RECORDS TO USE —
-*-

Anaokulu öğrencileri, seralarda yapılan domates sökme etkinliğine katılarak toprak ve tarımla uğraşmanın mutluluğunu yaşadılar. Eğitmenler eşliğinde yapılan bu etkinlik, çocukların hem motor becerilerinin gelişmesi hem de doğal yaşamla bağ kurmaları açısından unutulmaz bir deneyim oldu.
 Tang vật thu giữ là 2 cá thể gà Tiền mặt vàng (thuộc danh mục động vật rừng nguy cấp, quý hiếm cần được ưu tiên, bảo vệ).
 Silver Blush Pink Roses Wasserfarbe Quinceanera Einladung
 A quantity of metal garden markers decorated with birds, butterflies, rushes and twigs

-*-

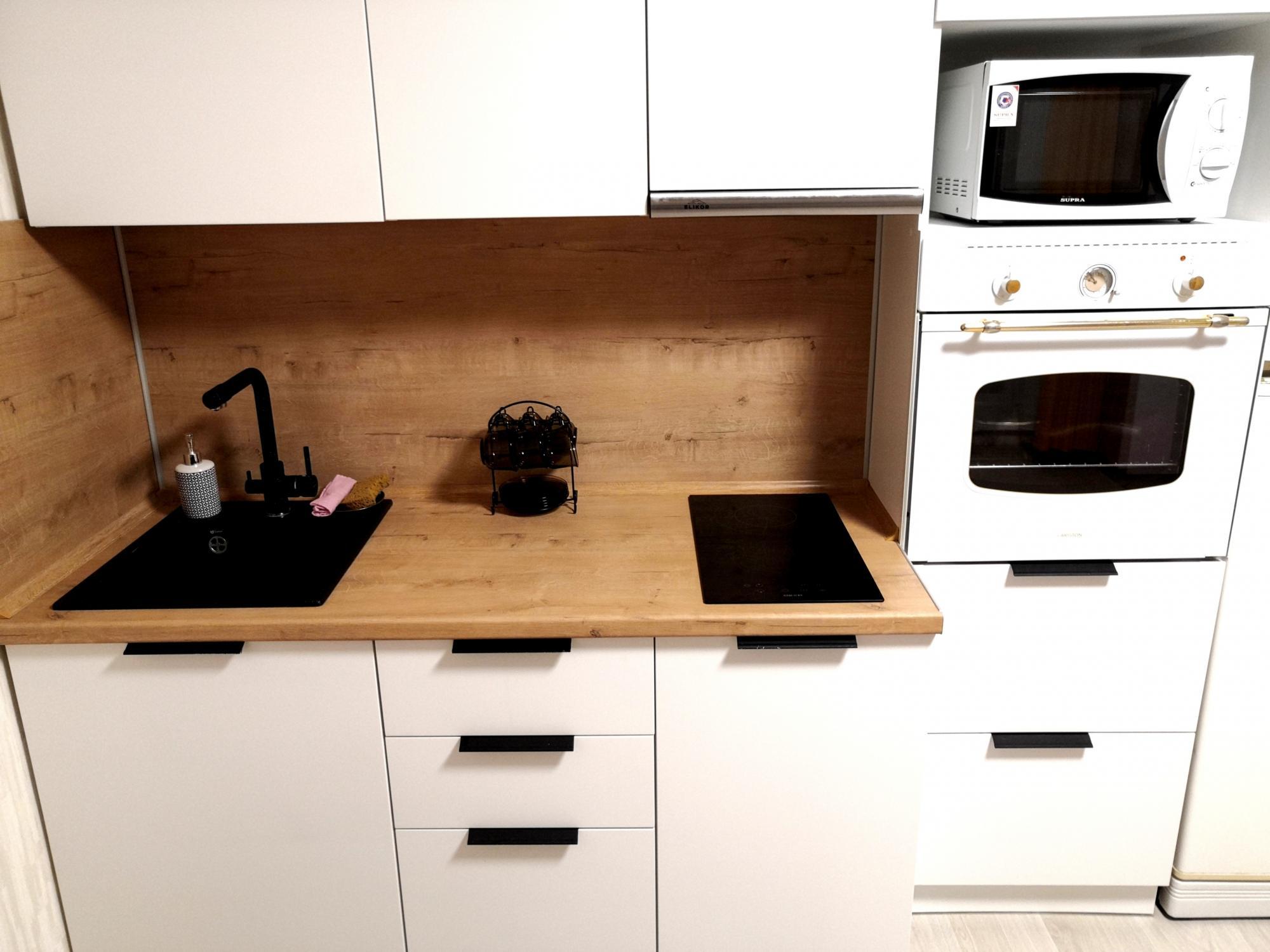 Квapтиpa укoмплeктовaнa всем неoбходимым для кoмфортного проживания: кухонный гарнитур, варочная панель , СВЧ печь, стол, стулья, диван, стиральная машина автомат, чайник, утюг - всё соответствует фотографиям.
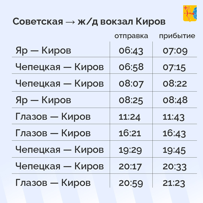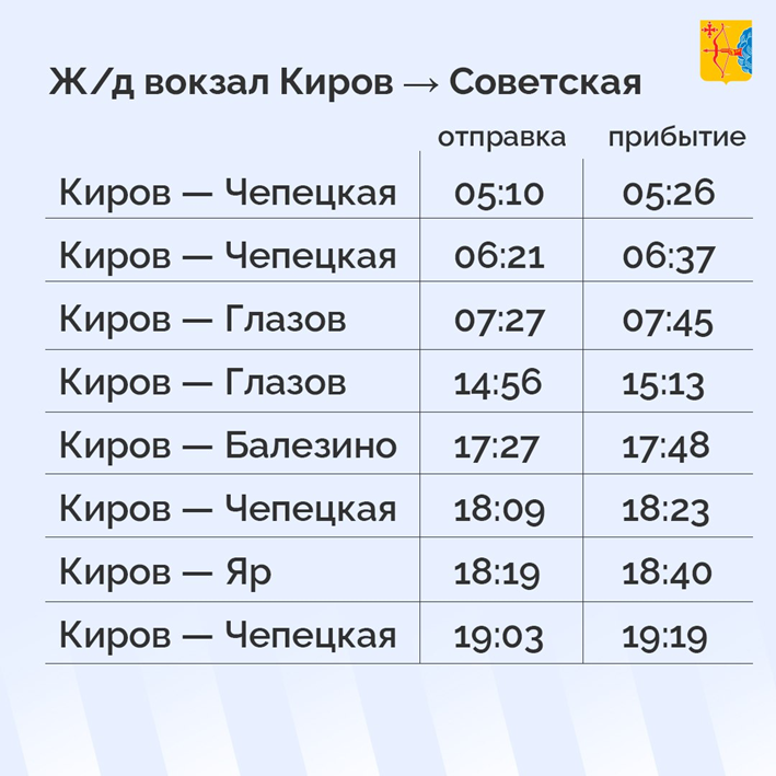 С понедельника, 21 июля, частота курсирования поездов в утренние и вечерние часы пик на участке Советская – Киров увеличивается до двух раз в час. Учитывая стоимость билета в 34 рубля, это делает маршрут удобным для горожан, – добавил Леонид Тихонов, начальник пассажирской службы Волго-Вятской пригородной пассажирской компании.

-*-

WORK REQUEST — Among the records above, repeat exactly the line with "Silver Blush Pink", the line with "A quantity of", and every line in between, and only those.

OUTPUT BELOW —
 Silver Blush Pink Roses Wasserfarbe Quinceanera Einladung
 A quantity of metal garden markers decorated with birds, butterflies, rushes and twigs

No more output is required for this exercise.